The Hidden Costs of Automation: When "Cheap" Solutions Become Expensive
While automation tools like Kennected may seem like a cost-effective solution at first glance, the reality is that they can often become expensive in the long run. The initial cost of the tool may be relatively low, but the true costs of automation can add up quickly. For example, the cost of rebuilding a damaged reputation, rebuilding a network from scratch, or losing business opportunities due to account instability can be substantial. Furthermore, the time and resources required to troubleshoot and resolve issues related to automation can also be significant. In contrast, inbound lead generation methods like those offered by ConnectSafely may seem more expensive upfront, but they can often provide a higher return on investment in the long run. By prioritizing engagement and relationships, users can build a sustainable and stable lead generation pipeline that is less prone to disruption and instability.

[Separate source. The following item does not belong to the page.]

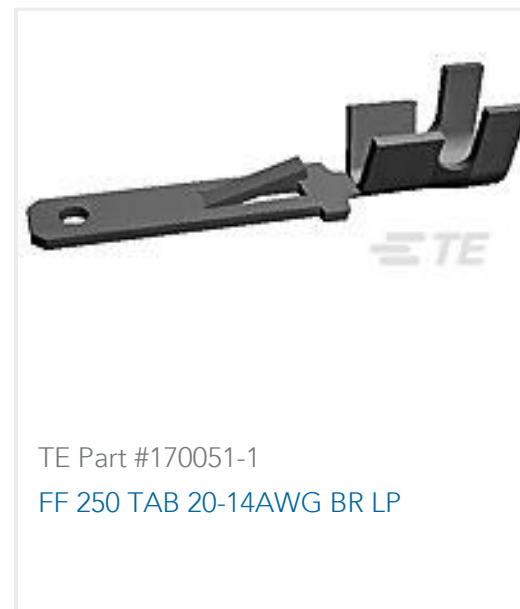
TE Part #170051-1 FF 250 TAB 20-14AWG BR LP

Edge Cases and Exceptions: When Automation Might Actually Make Sense
While automation is generally not recommended for most users, there may be certain edge cases and exceptions where it could make sense. For example, in situations where the target audience is extremely niche or hard to reach, automation may be necessary to scale outreach efforts. Alternatively, in cases where the messaging is highly standardized and doesn't require a high degree of personalization, automation might be a viable option. However, these edge cases are relatively rare, and users should exercise extreme caution when considering automation. It's essential to carefully weigh the potential benefits against the risks and to consider alternative solutions that prioritize engagement and relationships. Even in situations where automation might seem like a good fit, it's often better to err on the side of caution and explore inbound lead generation methods instead. By doing so, users can minimize the risks associated with automation and build a more sustainable and stable lead generation pipeline.